Excluding images, repeat the data exactly as given.

########################################

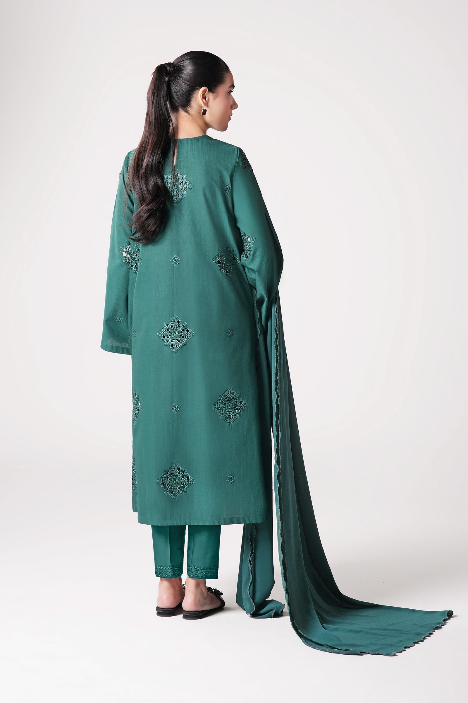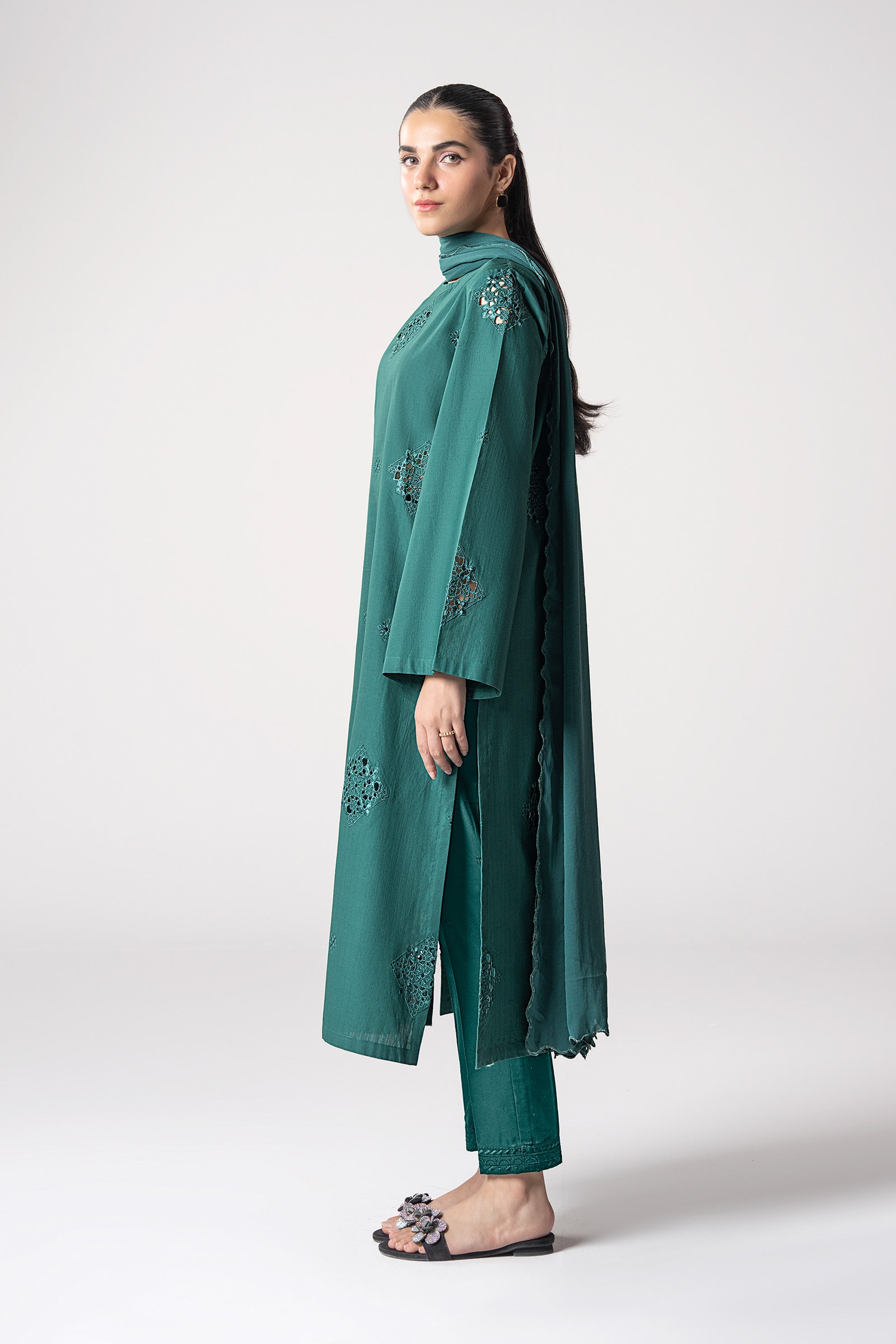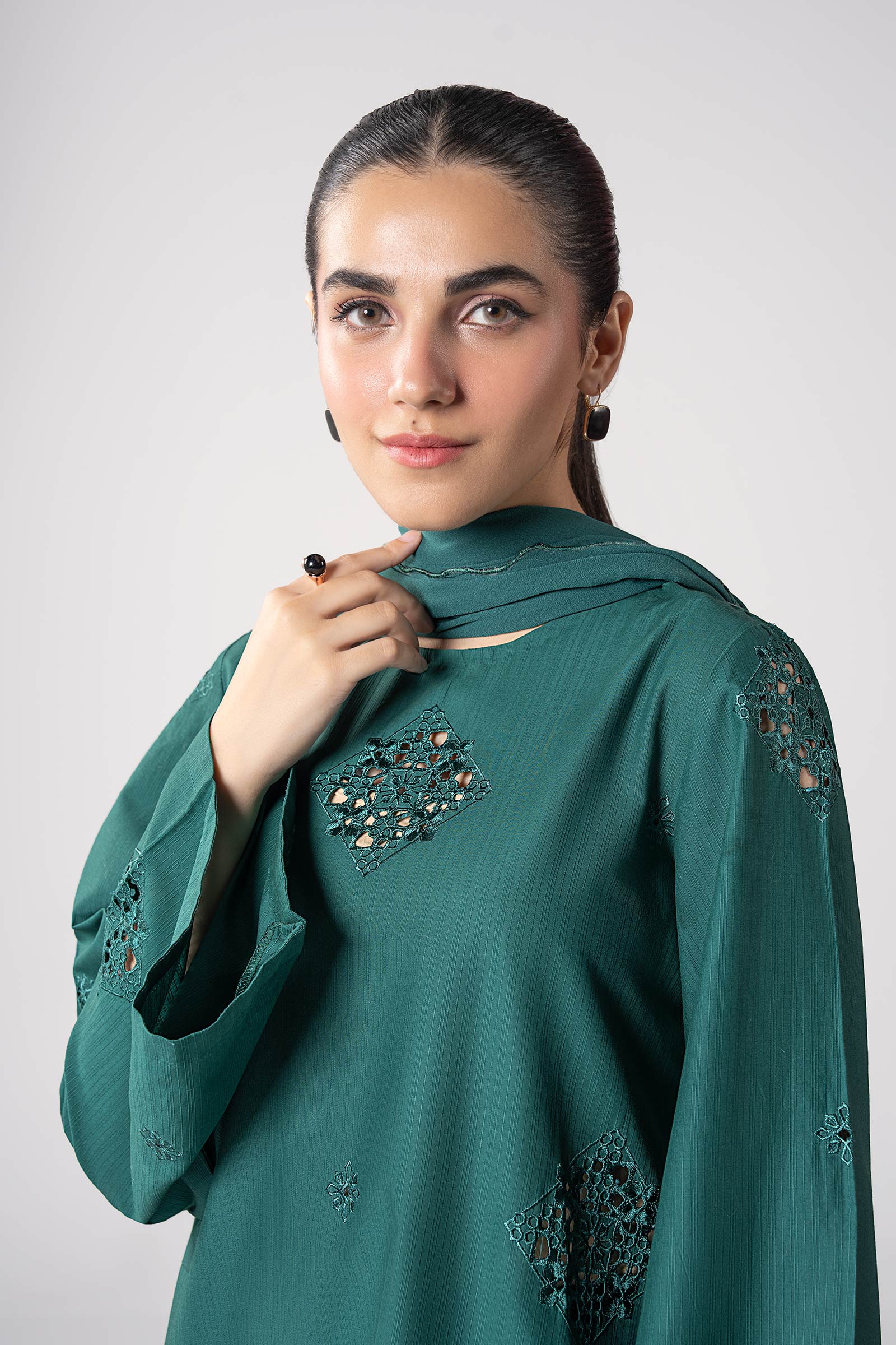 ShirtA-Line ShirtScoop NecklineDyed Front With Boring EmbroideryA-Line SleevesDyed BackColor: Bottle GreenFabric: Textured CottonFit: RegularDupattaDyed DupattaFour-Side Scalloped BorderColor: Bottle GreenFabric: GeorgetteModel is wearing size xsNote: Dry Clean Only
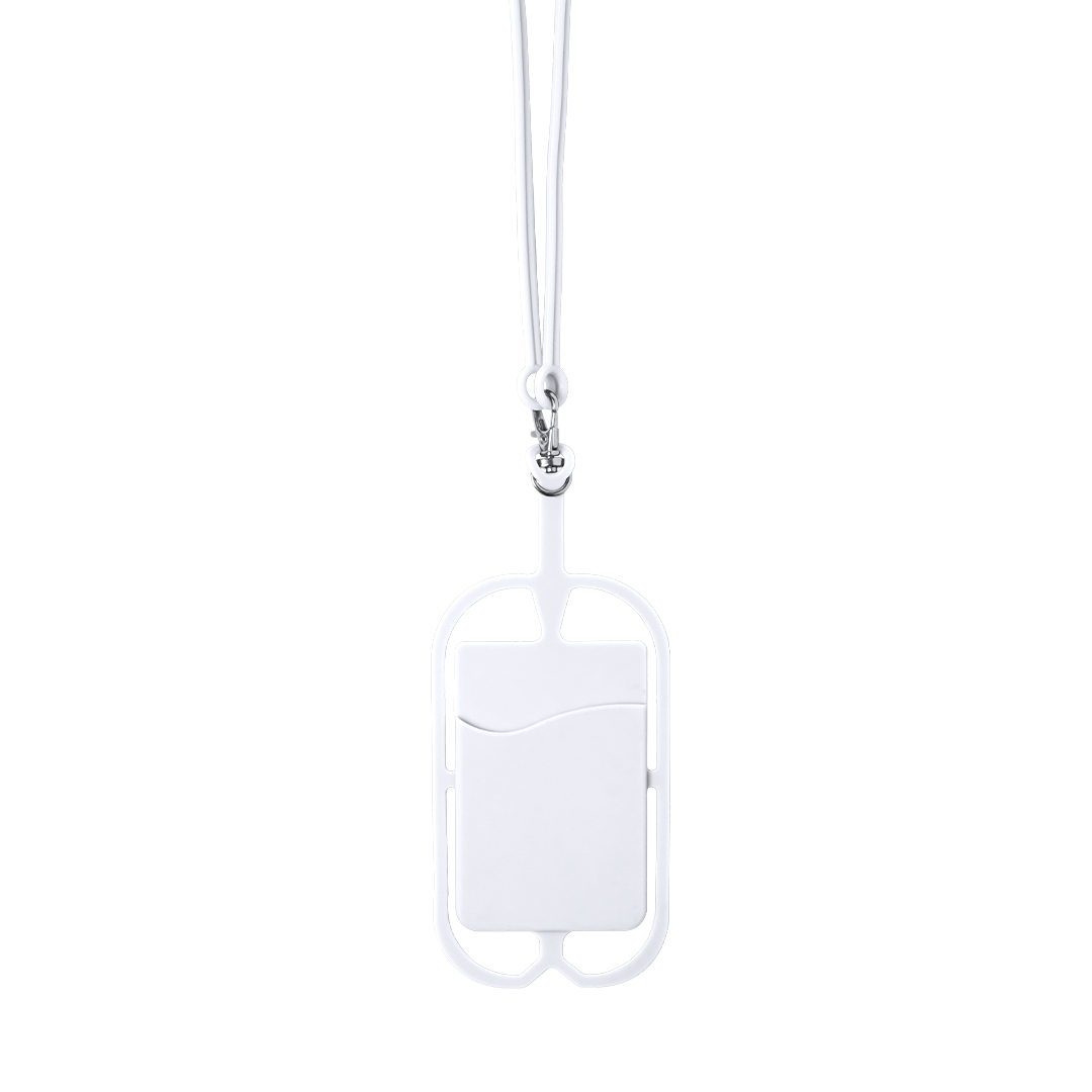 Lanyard de silicone prático e confortável em cores fortes, com suporte para smartphone integrado e bolso para cartão. Com acessório de ajuste e fecho mosquetão.
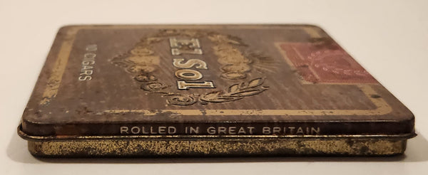 Vintage El Sol Cigars Hinged Tin Metal Container Made in Great Britain
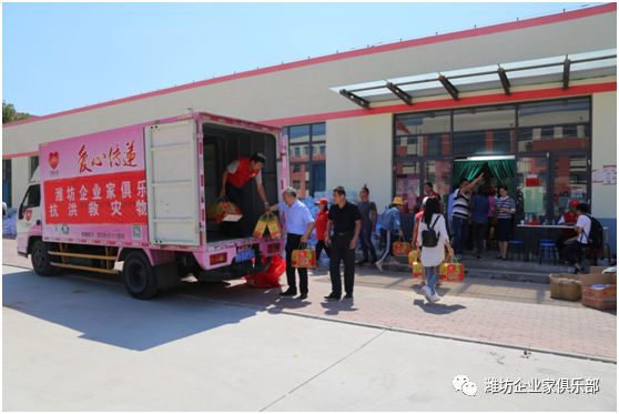 8月27日,潍坊东方企业家俱乐部带着满满一车的物资及邦泰地产捐助的2万元现金来到寿光营里镇,潍坊东方企业家俱乐部会长王大威、常务会长张光文、监事长孙建文、邦泰地产代表李大伟、鹏辉建材代表韩效玉和灾区朋友共同手递手卸载物资。卸载物资完成后,潍坊东方企业家俱乐部相关负责人和营里镇负责人提出部分防疫工作建议,祝愿灾区朋友统筹做好灾后恢复重建工作,早日恢复家园建设。
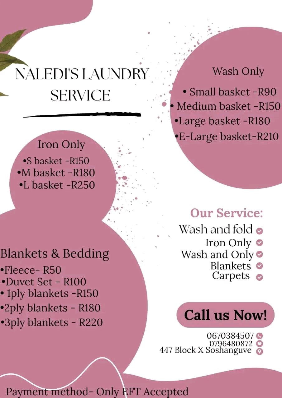 Soshanguve, Gauteng — If you’ve ever wished for a reliable, affordable, and customer-friendly laundry service in your neighborhood, look no further than Naledi’s Laundry Service, located at 447 Block X, Soshanguve.
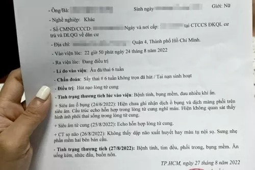 Khi nhóm này rời đi, chị D. phát hiện bị chảy máu vùng dưới nên nhờ người thân đưa vào bệnh viện cấp cứu. Tại đây, bác sĩ chẩn đoán chị D. đã bị sẩy thai.
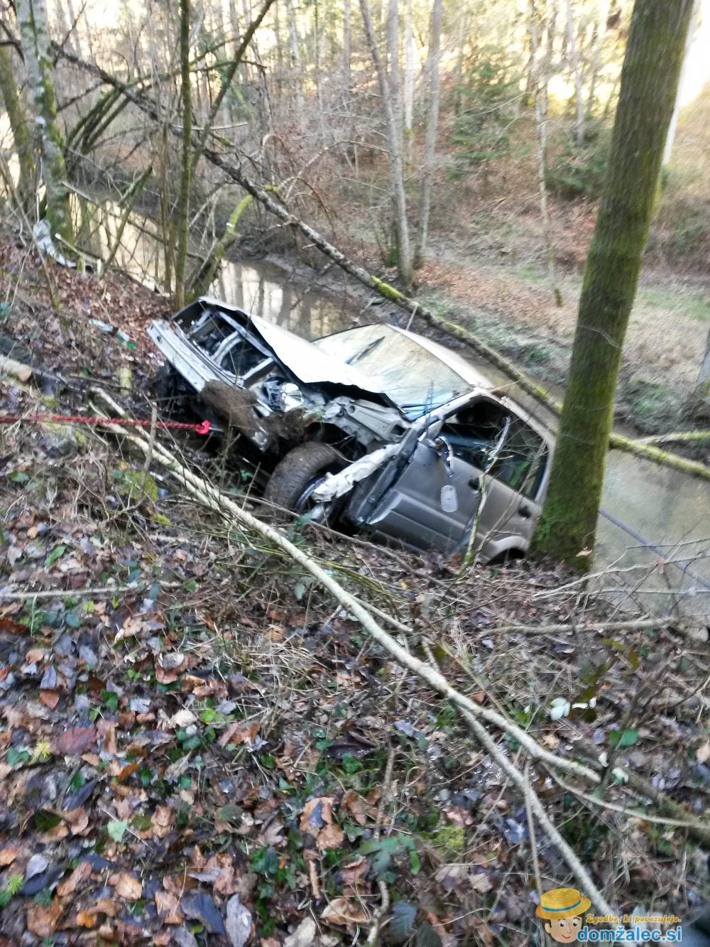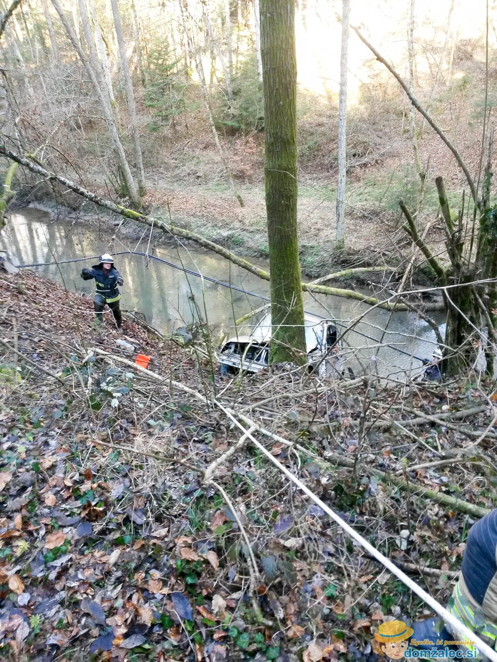 Gasilci so vozilo s tehničnim posegom potegnili iz potoka na cesto, pri tem pa jim je pomagal tudi krajan s traktorjem. So imeli pa kar nekaj dela, da so vozilo spravili iz potoka, saj je breg izredno strm, višinske razlike pa naj bi bilo okrog deset metrov.
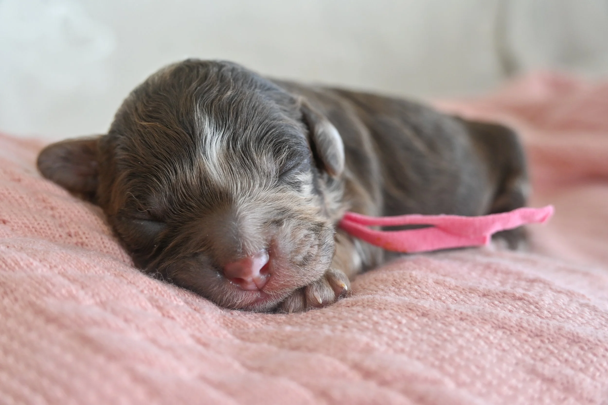 Lucille’s sweetest babies just couldn’t wait to enter the world! With no immediate signs of labour, we were off to the vet for her last health checks and puppy count! Just as we were prepping Lucille for her x-ray we turned around to her first baby being born! Lucille quietly surprised us all by birthing her beautiful babies at her appointment! I couldn’t think of a better litter theme than “Team Prestige”, named after our wonderful veterinary team. We have limited availability in Lucille’s litter, with only 1 girl still available. Team Prestige will be between 5-7kgs fully grown, with wool and fleece coats. These precious babies will be ready to embark on their next journey early-mid December. Please get in touch below for further information.

########################################

* SOLVED PROBLEM *
 ShirtA-Line ShirtScoop NecklineDyed Front With Boring EmbroideryA-Line SleevesDyed BackColor: Bottle GreenFabric: Textured CottonFit: RegularDupattaDyed DupattaFour-Side Scalloped BorderColor: Bottle GreenFabric: GeorgetteModel is wearing size xsNote: Dry Clean Only
 Lanyard de silicone prático e confortável em cores fortes, com suporte para smartphone integrado e bolso para cartão. Com acessório de ajuste e fecho mosquetão.
 Vintage El Sol Cigars Hinged Tin Metal Container Made in Great Britain
 8月27日,潍坊东方企业家俱乐部带着满满一车的物资及邦泰地产捐助的2万元现金来到寿光营里镇,潍坊东方企业家俱乐部会长王大威、常务会长张光文、监事长孙建文、邦泰地产代表李大伟、鹏辉建材代表韩效玉和灾区朋友共同手递手卸载物资。卸载物资完成后,潍坊东方企业家俱乐部相关负责人和营里镇负责人提出部分防疫工作建议,祝愿灾区朋友统筹做好灾后恢复重建工作,早日恢复家园建设。
 Soshanguve, Gauteng — If you’ve ever wished for a reliable, affordable, and customer-friendly laundry service in your neighborhood, look no further than Naledi’s Laundry Service, located at 447 Block X, Soshanguve.
 Khi nhóm này rời đi, chị D. phát hiện bị chảy máu vùng dưới nên nhờ người thân đưa vào bệnh viện cấp cứu. Tại đây, bác sĩ chẩn đoán chị D. đã bị sẩy thai.
 Gasilci so vozilo s tehničnim posegom potegnili iz potoka na cesto, pri tem pa jim je pomagal tudi krajan s traktorjem. So imeli pa kar nekaj dela, da so vozilo spravili iz potoka, saj je breg izredno strm, višinske razlike pa naj bi bilo okrog deset metrov.
 Lucille’s sweetest babies just couldn’t wait to enter the world! With no immediate signs of labour, we were off to the vet for her last health checks and puppy count! Just as we were prepping Lucille for her x-ray we turned around to her first baby being born! Lucille quietly surprised us all by birthing her beautiful babies at her appointment! I couldn’t think of a better litter theme than “Team Prestige”, named after our wonderful veterinary team. We have limited availability in Lucille’s litter, with only 1 girl still available. Team Prestige will be between 5-7kgs fully grown, with wool and fleece coats. These precious babies will be ready to embark on their next journey early-mid December. Please get in touch below for further information.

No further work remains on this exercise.